Amarajothi Dhakshinamoorthy was born in Tamil Nadu state in ­India in 1980. He received his B.Sc. degree in 2000 from Loyola College (affiliated to University of Madras) Chennai-34, India. He did his post-graduation work in chemistry with specialization in organic chemistry in 2002 from the same institute. He then joined the Sanmar Specialty Chemicals Research Centre (SSCRC), India as a research fellow. After one year of experience as researcher in ­SSCRC, he moved to the School of Chemistry, Madurai Kamaraj University as a research scholar to work under the supervision of Prof. K. Pitchumani for his Ph.D. Currently he is working in the area of organic chemistry, particularly in the synthesis of organic compounds using heterogeneous media, radical cyclizations mediated by cerium(IV) ammonium nitrate, and the development of environmentally benign procedures for their synthesis.

Introduction

Among the various cerium(IV) complexes, cerium(IV) ammonium nitrate (CAN) is one of the most important oxidants in organic synthesis, as it is sufficiently stable in different solvents and is commercially available. It is useful for introducing and removing protecting groups via single-electron transfer or Lewis acid catalysis. [1] CAN serves as a convenient reagent for the generation of radicals from CH-acidic substrates, [2] exhibiting a similar reactivity pattern (+1.61 V vs. NHE) as Mn(III) acetate (+1.51 V vs. NHE). Recently, CAN has been utilized for many synthetic transformations such as debenzylation, [3] oxidation, [4] oxidative free-radical reactions in green media such as water [5] and ionic liquids, [6] carbon-carbon bond formation [7] and halogenation. [8] This reagent has been reviewed [9] for reactions involving carbon-nitrogen, carbon-sulfur, carbon-selenium, and carbon-halogen bond formations. In addition, this reagent is used in the one-pot synthesis of various heterocycles including dihydrofurans, tetrahydrofurans and aminotetralins. [10]

Abstracts

(A) CAN is used as a catalyst for the Michael addition of indole to α,β-unsaturated ketones under ultrasonic irradiation in excellent yields. Substitution takes place at the 3-position, and N-alkylation products are not observed. [11]

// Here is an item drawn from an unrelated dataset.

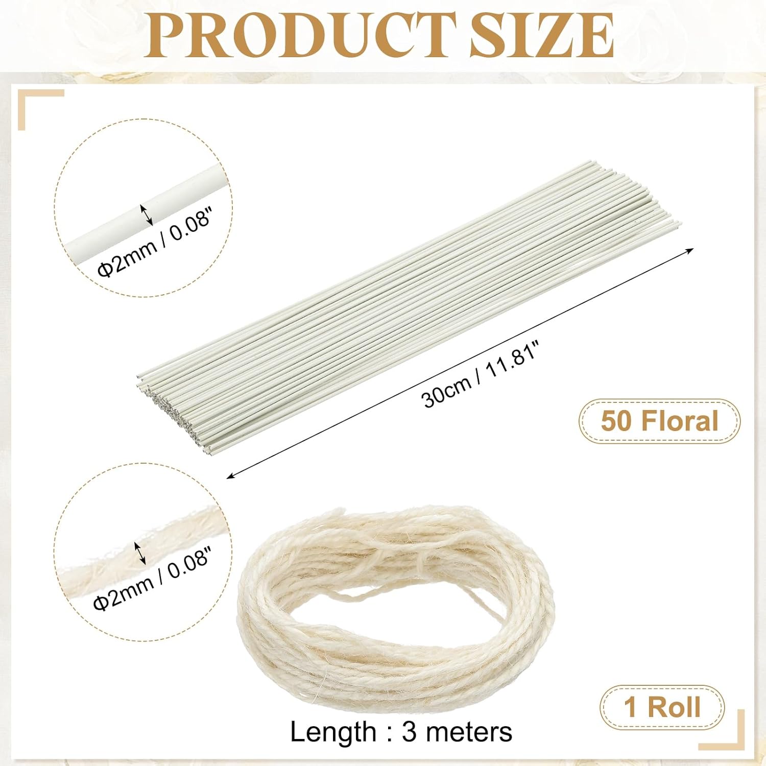 - What You Get: The package includes 50 floral wires and 1 roll of 3 meters long twine. Each floral wire is 2mm/0.08" in diameter and 30cm/11.81" long. The twine is 2mm/0.08" in diameter and has a total length of 3meters/32.8ft, which can meet various creative and gardening needs

(B) CAN is used as a catalyst for selective esterification of N-Boc protected amino acids. The aliphatic/aromatic amino acids are selectively esterified without affecting the N-Boc protection. [12]

(C) A mild and efficient method has been developed for the chemoselective synthesis of geminal diacetates from aldehydes ­using acetic anhydride in the presence of a catalytic amount of CAN and ketones are unaffected. Also the deprotection of acylals is carried out by using water and CAN. [13]

(D) CAN is utilized in a novel synthesis of 2-arylbenzothiazoles by cyclization of the intermediate radical formed after initial oxidative coupling between thiophenols and aromatic nitriles in excellent yield. [14] Also it was used in a one-pot synthesis of isooxazole derivatives from alkynes. [15]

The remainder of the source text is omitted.